II. Çer-Chin ཤེར་བིན​ (Sk. Prajñâ pâramitâ), ou « sagesse transcendante », en 21 volumes.

III. Phal-Chen ཕལ་ཆེན་ (Sk. Buddhavata-sangha), ou « communauté bouddhique », en 6 volumes.

IV. Dkon-seks དཀོན་བརྩགས་ (Sk. Ratna-kûta), ou « amas de joyaux », en 6 volumes.

V. Do-de མདོ་སྡ​ (Sk. Sûtranta), « aphorismes » ou traités, en 30 volumes.

VI. Ñang-das མྱང་འྡས་ (Sk. Nirvâna), « délivrance de la peine », en 2 volumes.

VII. Gyut རྒྱུད་ (Sk. Tantra), « doctrine mystique, charmes », en 22 volumes, le tout formant exactement 100 volumes.
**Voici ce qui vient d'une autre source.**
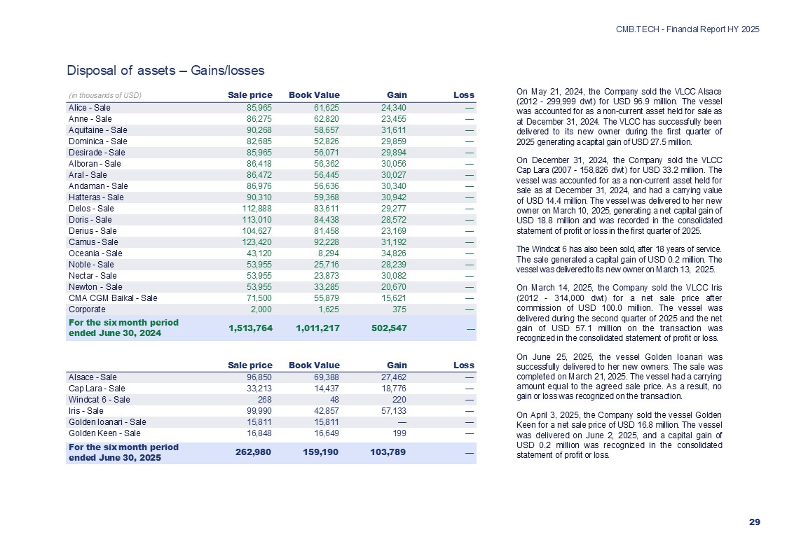 Disposal of assets – Gains/losses  (in thousands of USD)  Sale price  Book Value  Gain  Loss  Alice - Sale  85,965  61,625  24,340  —  Anne - Sale  86,275  62,820  23,455  —  Aquitaine - Sale  90,268  58,657  31,611  —  Dominica - Sale  82,685  52,826  29,859  —  Desirade - Sale  85,965  56,071  29,894  —  Alboran - Sale  86,418  56,362  30,056  —  Aral - Sale  86,472  56,445  30,027  —  Andaman - Sale  86,976  56,636  30,340  —  Hatteras - Sale  90,310  59,368  30,942  —  Delos - Sale  112,888  83,611  29,277  —  Doris - Sale  113,010  84,438  28,572  —  Derius - Sale  104,627  81,458  23,169  —  Camus - Sale  123,420  92,228  31,192  —  Oceania - Sale  43,120  8,294  34,826  —  Noble - Sale  53,955  25,716  28,239  —  Nectar - Sale  53,955  23,873  30,082  —  Newton - Sale  53,955  33,285  20,670  —  CMA CGM Baikal - Sale  71,500  55,879  15,621  —  Corporate  2,000  1,625  375  —  For the six month period ended June 30, 2024  1,513,764  1,011,217  502,547  —  Sale price  Book Value  Gain  Loss  Alsace - Sale  96,850  69,388  27,462  —  Cap Lara - Sale  33,213  14,437  18,776  —  Windcat 6 - Sale  268  48  220  —  Iris - Sale  99,990  42,857  57,133  —  Golden Ioanari - Sale  15,811  15,811  —  —  Golden Keen - Sale  16,848  16,649  199  —  For the six month period ended June 30, 2025  262,980  159,190  103,789  —  On May 21, 2024, the Company sold the VLCC Alsace (2012 - 299,999 dwt) for USD 96.9 million. The vessel was accounted for as a non-current asset held for sale as at December 31, 2024. The VLCC has successfully been delivered to its new owner during the first quarter of 2025 generating a capital gain of USD 27.5 million.  On December 31, 2024, the Company sold the VLCC Cap Lara (2007 - 158,826 dwt) for USD 33.2 million. The vessel was accounted for as a non-current asset held for sale as at December 31, 2024, and had a carrying value of USD 14.4 million. The vessel was delivered to her new owner on March 10, 2025, generating a net capital gain of USD 18.8 million and was recorded in the consolidated statement of profit or loss in the first quarter of 2025.  The Windcat 6 has also been sold, after 18 years of service. The sale generated a capital gain of USD 0.2 million. The vessel was delivered to its new owner on March 13, 2025.  On March 14, 2025, the Company sold the VLCC Iris (2012 - 314,000 dwt) for a net sale price after commission of USD 100.0 million. The vessel was delivered during the second quarter of 2025 and the net gain of USD 57.1 million on the transaction was recognized in the consolidated statement of profit or loss.  On June 25, 2025, the vessel Golden Ioanari was successfully delivered to her new owners. The sale was completed on March 21, 2025. The vessel had a carrying amount equal to the agreed sale price. As a result, no gain or loss was recognized on the transaction.  On April 3, 2025, the Company sold the vessel Golden Keen for a net sale price of USD 16.8 million. The vessel was delivered on June 2, 2025, and a capital gain of USD 0.2 million was recognized in the consolidated statement of profit or loss.  CMB.TECH - Financial Report HY 2025  29

La collection du Kâ-gyur, dans son ensemble, est souvent désignée sous le nom de Dé-not-sum སྡེ་སྣོད་གསུམ, en sanscrit Tripitaka, « les trois vaisseaux ou réceptacles »[5], désignation qui comprend : 1o le Dul-va ; 2o le Do avec le Phal-chen, le Kon-seks, le Ñang-das et le Gyut ; 3o le Çer-chin avec toutes les divisions ou abréviations. — Cette division tripartite est aussi exprimée par les noms suivants : 1o Dulva (Sk. Vinaya) ; 2o Do (Sk. Sûtra) ; 3o Chos-ngon-pa (Sk. Abhidharma). Ce dernier titre a pour équivalents tibétains Ngon-pa-dsot, Yum et Ma-mo. C’est une opinion commune ou vulgaire que le Dulva est un remède contre la cupidité ou la convoitise ; que le Do en est un contre la colère ou l’ardeur des passions ; et que le Chos-ngon-pa en est un contre l’ignorance[6].

  1. J’écris Kandjour contrairement à mes principes d’orthographe, parce que Kandjour est une forme qui imite la prononciation et n’est point du tout le calque du mot tibétain. (L. F.)
  2. Pali est le nom usuel de ce dialecte prâkrit, appelé à Ceylan « langue de Magadha ». (L. F.)
  3. Les Bouddhistes de Ceylan et de l’Indo-Chine le placent à une époque plus récente, et assignent à sa mort la date de 543 avant de notre ère ; la critique moderne tend à ramener cette date à 478. (L. F.)
  4. Il s’agit de la Société Asiatique de Calcutta. (L. F.)
  5. On dit aussi « la triple corbeille ». (L. F.)
  6. C’est une adaptation des trois divisions du canon bouddhique aux trois péchés de la pensée, appelés aussi les trois taches, les trois souillures. (L. F.)